Your assignment: Each line from the one containing "Подрядчик с измерительной лентой Женщина" onward, through the end of the entries, is to be transcribed exactly; nothing else is to be included.

The input:
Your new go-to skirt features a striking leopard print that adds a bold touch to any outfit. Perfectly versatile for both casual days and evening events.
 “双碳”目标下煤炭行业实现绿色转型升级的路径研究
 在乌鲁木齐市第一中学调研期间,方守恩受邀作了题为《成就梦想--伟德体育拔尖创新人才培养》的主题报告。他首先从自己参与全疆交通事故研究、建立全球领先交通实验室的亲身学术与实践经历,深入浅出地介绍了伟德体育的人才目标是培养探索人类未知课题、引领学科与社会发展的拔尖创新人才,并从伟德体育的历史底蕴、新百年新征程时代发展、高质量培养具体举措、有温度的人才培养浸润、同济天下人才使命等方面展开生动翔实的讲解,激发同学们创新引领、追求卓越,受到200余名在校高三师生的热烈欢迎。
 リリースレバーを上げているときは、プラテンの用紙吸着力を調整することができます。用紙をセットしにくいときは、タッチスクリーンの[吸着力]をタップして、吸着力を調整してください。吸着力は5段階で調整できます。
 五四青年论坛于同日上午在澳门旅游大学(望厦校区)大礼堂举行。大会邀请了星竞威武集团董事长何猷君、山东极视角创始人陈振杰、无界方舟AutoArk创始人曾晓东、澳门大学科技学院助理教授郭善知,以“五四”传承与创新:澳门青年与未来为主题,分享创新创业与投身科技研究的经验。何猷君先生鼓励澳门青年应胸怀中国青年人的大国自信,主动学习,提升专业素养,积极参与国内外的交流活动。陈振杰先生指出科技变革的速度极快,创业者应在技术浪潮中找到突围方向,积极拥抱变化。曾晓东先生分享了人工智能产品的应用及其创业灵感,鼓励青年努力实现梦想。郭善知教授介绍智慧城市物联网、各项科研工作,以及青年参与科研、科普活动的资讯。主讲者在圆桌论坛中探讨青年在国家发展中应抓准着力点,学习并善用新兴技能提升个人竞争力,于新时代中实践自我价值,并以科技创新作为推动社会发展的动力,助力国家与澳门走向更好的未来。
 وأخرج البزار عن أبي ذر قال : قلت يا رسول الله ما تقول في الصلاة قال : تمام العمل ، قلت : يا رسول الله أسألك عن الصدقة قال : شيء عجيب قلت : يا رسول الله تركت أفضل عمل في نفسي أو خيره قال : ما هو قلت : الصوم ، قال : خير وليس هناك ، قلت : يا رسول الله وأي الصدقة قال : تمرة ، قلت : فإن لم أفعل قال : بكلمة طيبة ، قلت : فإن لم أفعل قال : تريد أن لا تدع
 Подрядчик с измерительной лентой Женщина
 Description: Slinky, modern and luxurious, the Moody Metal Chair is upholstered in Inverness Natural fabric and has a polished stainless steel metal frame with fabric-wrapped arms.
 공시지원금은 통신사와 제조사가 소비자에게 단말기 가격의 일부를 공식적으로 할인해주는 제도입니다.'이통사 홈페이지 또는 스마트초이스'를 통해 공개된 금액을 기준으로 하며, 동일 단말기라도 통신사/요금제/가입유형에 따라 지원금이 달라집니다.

Final answer:
 Подрядчик с измерительной лентой Женщина
 Description: Slinky, modern and luxurious, the Moody Metal Chair is upholstered in Inverness Natural fabric and has a polished stainless steel metal frame with fabric-wrapped arms.
 공시지원금은 통신사와 제조사가 소비자에게 단말기 가격의 일부를 공식적으로 할인해주는 제도입니다.'이통사 홈페이지 또는 스마트초이스'를 통해 공개된 금액을 기준으로 하며, 동일 단말기라도 통신사/요금제/가입유형에 따라 지원금이 달라집니다.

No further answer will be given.